Apple’s decision to release a smaller, cheaper iPad is not going to eat into sales of the regular-sized iPad, new research suggests.
Financial experts Cowen and co. quizzed 1,225 consumers on their tablet buying intent, of which half of the 12 per cent who intended to purchase the iPad mini over the next 18 months will be picking up a tablet for the first time.
42 per cent said they would be picking it over a Windows-based device, while 13 per cent will get one instead of an Amazon Kindle Fire HD.
Matthew Hoffman, a number cruncher at Cowen explained: “The iPad mini creates more demand than it cannibalizes. Since 52 per cent of the mini intenders in our sample did not own a tablet of any type, we see it successfully positioned as likely to penetrate new entry-tier segments.

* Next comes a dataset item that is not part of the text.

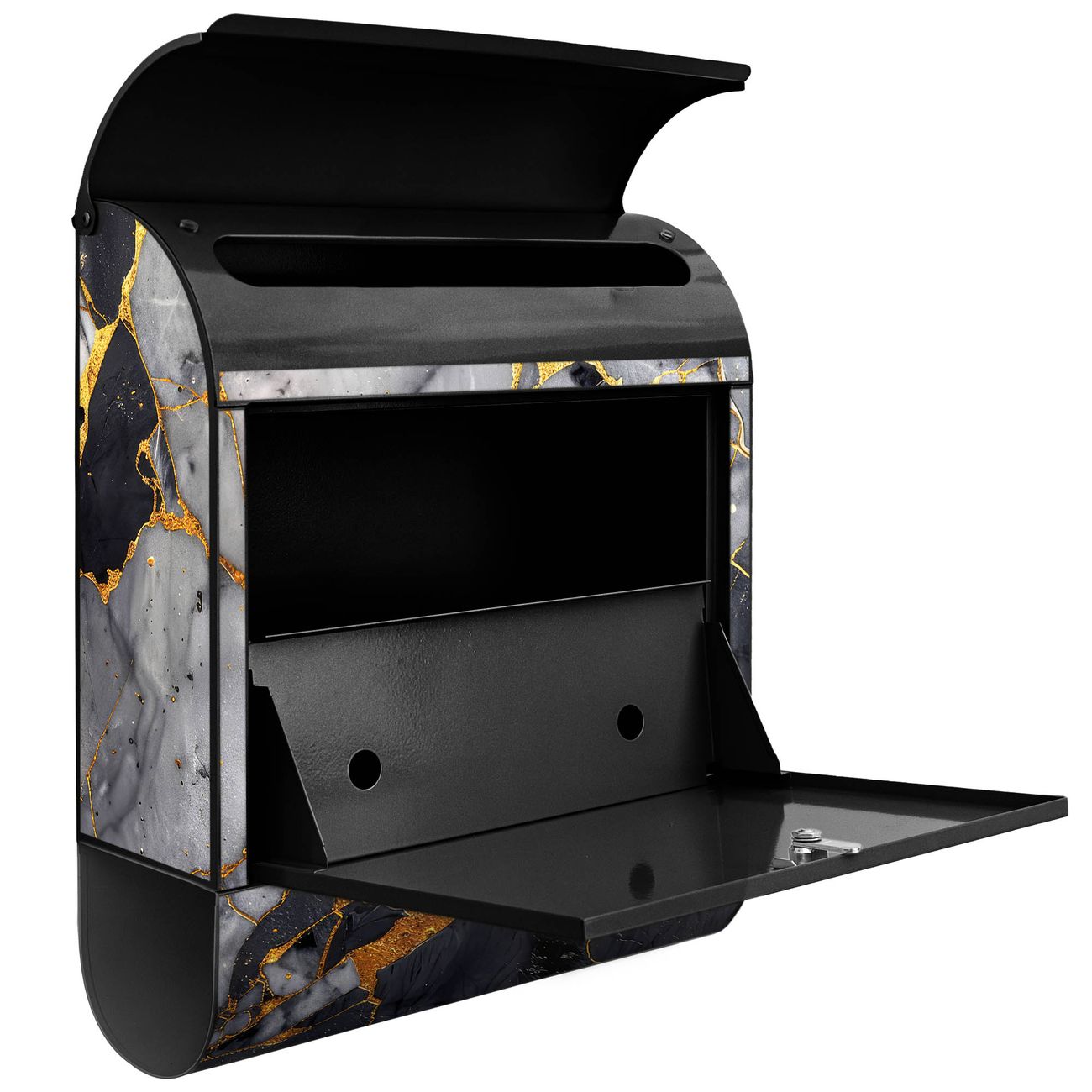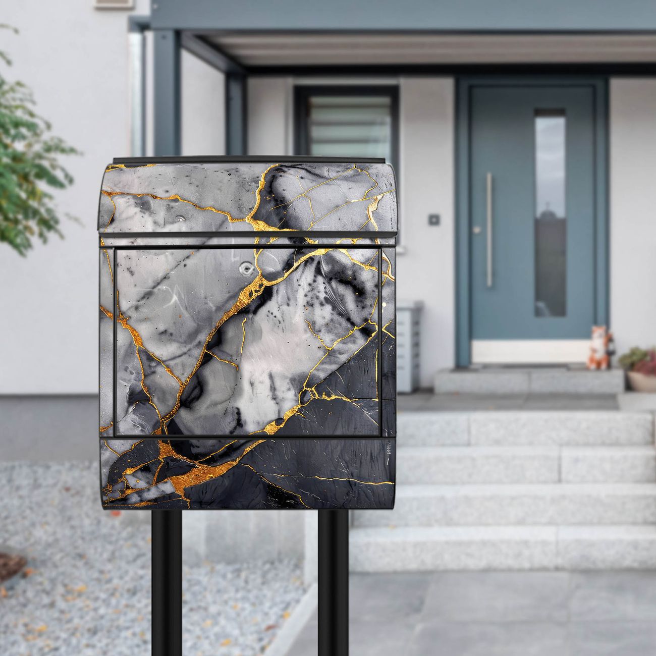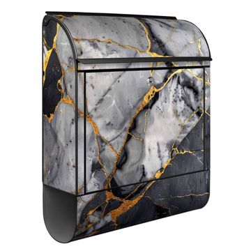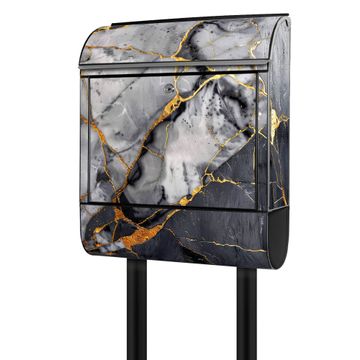 Standbriefkasten Stahl Motiv Schwarzer Marmor mit Gold 2
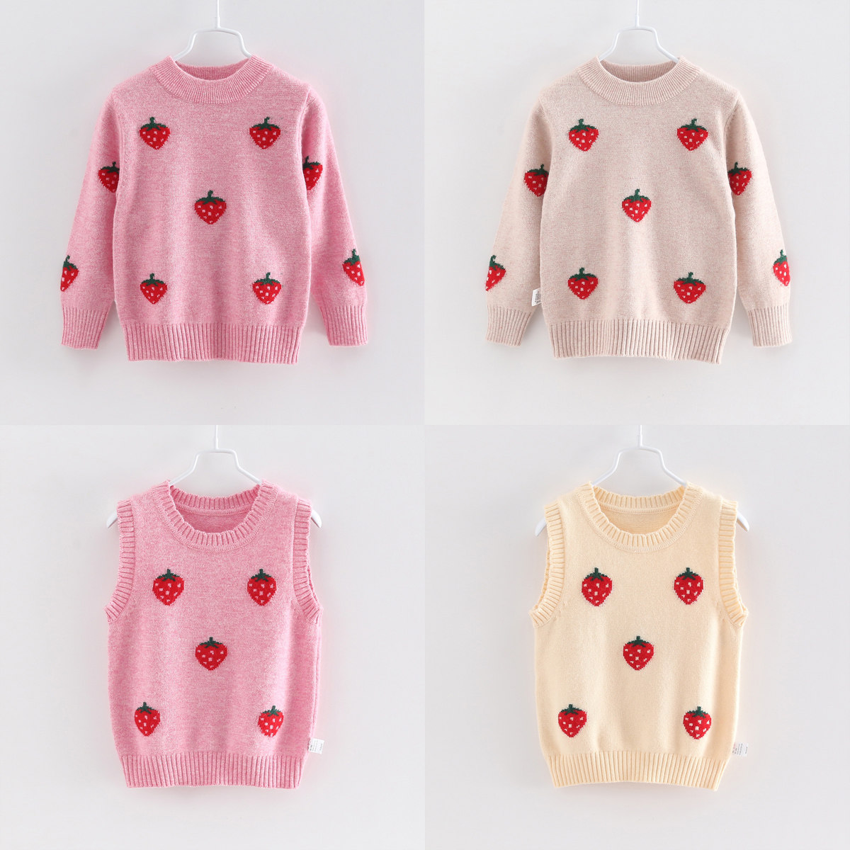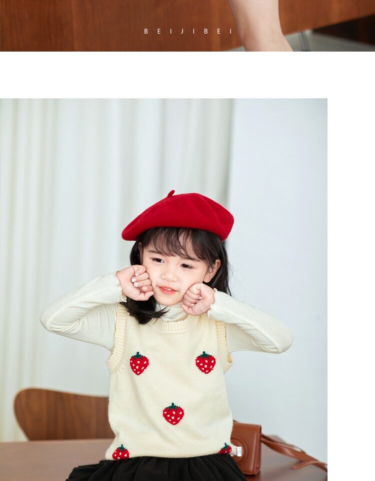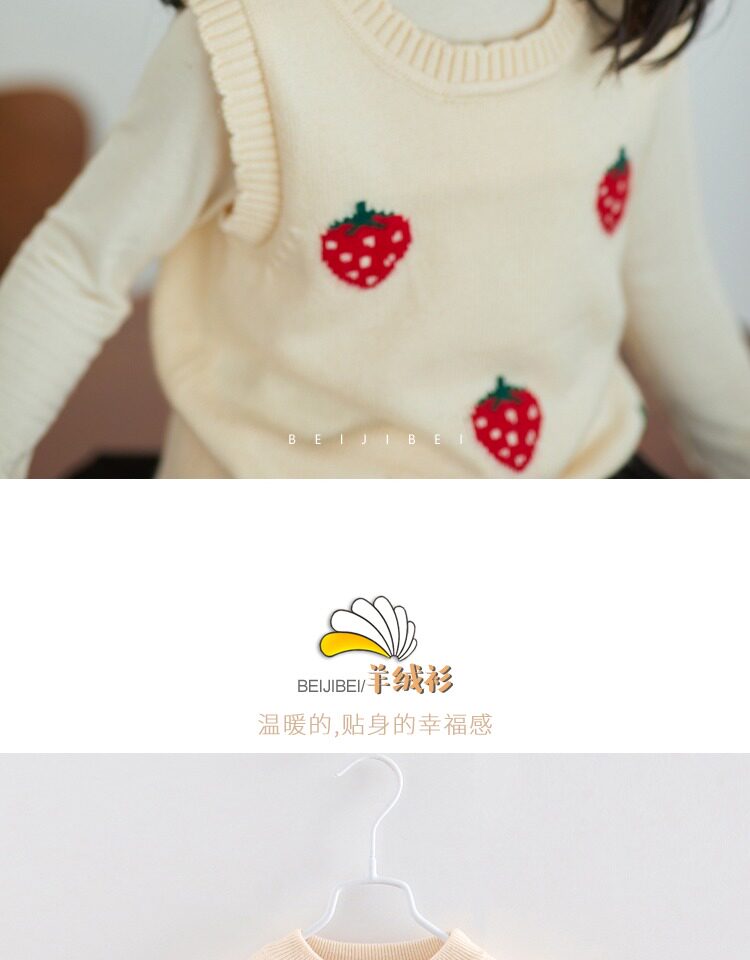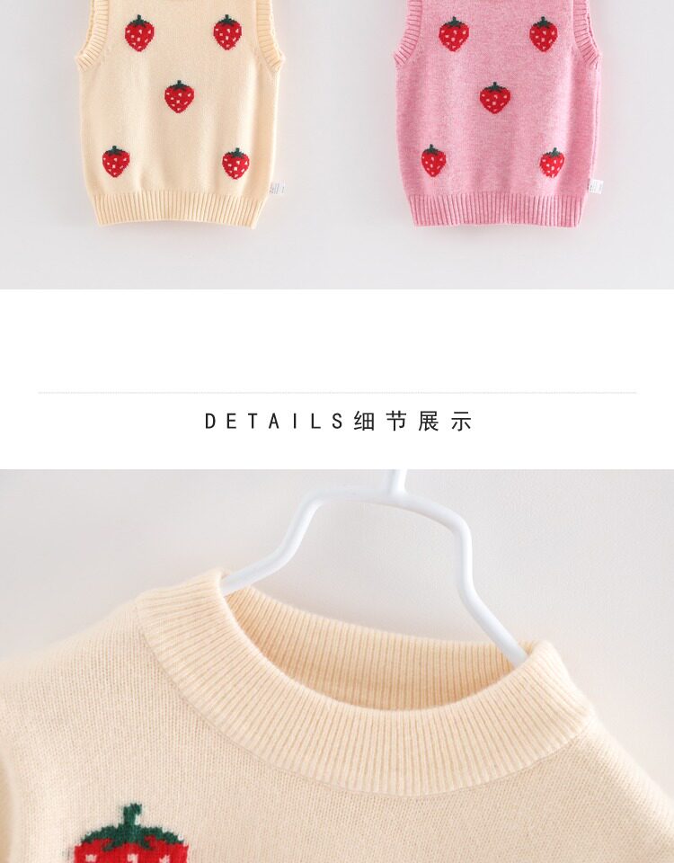 Мягкая клубника для принцессы, кашемировый свитер, детский жилет с круглым воротником, детская трикотажная майка топ

“[The iPad] mini will no doubt take some iPad “4″ sales, but its low price also looks like an important tool to capture new consumers’ attention.”
Last month, Piper Jaffray analyst Gene Munster said the iPad mini is likely to bog down as many as one million current-gen iPad sales in the fourth quarter. While that may still happen to some degree, Apple CEO Tim Cook had a different view on its possibility.
"We have learned over the years not to worry about cannibalization of our own product,” Cook said.
"It's much better for us to do that than for somebody else to do it.”
Cook’s belief is not without justification. Before the iPhone launched, naysayers argued it would cannibalise the sales of the iPod. Instead it went onto become the company’s most successful product, while iPod sales continued to swell with the addition the nano and touch families.
Apple recently confirmed that it sold three million units of the iPad mini and its latest, fourth-generation iPad in the launch weekend alone. How much of an impact this has had on the third and second iteration of the iPad is something only time will tell.